It's Monday and it definitely feels like one.
I was listening to the radio and they were playing Jackson Browne's The Pretender this morning... which was the perfect song for a day when you've got to just...
"get up and do it again... amen"
I'm dragging... both physically and emotionally. I'm not going into it, but stuff is really getting to me and I'm SO glad I have the distraction of my online class. I'm really feeling good about what's happening there. It's exciting to see the things developing through the activities. It makes me smile and makes me feel good about what I'm doing.
I hope that the people participating are feeling as good about it as I am. It's not an easy process, challenging yourself, going outside your comfort zone... but it's good for us.
I've got an assignment bead to work on this week and I'm hoping to find time before Friday. I'm out of town for the weekend, so I need to make sure that I've got it done before I go. It's a really interesting assignment (if I do say so myself) and I can't wait to see how people interpret it. It's more esoteric and emotional in nature than the other assignments, so it's either going to be a hit or a bomb. I've not done this one before in one of my classes, so this is a test. I think it could be really cool though... so hopefully it won't be a bomb.

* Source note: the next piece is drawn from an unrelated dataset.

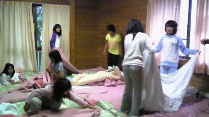 寝た部屋の布団やシーツを協力して片付けています。

ok... need to go "struggle for the legal tender" in the words of Mr. Browne.
tiny blah blah blah...
coffee - no, but I probably should have. I'm trying to eliminate starbucks from my daily routine to save money and just prove that i'm stronger than my habit... BUT it's not going so well.
music - no... I turned it off after Jackson Browne was on. I like that song and it's sort of haunting, so I've just got it on "repeat" in my head.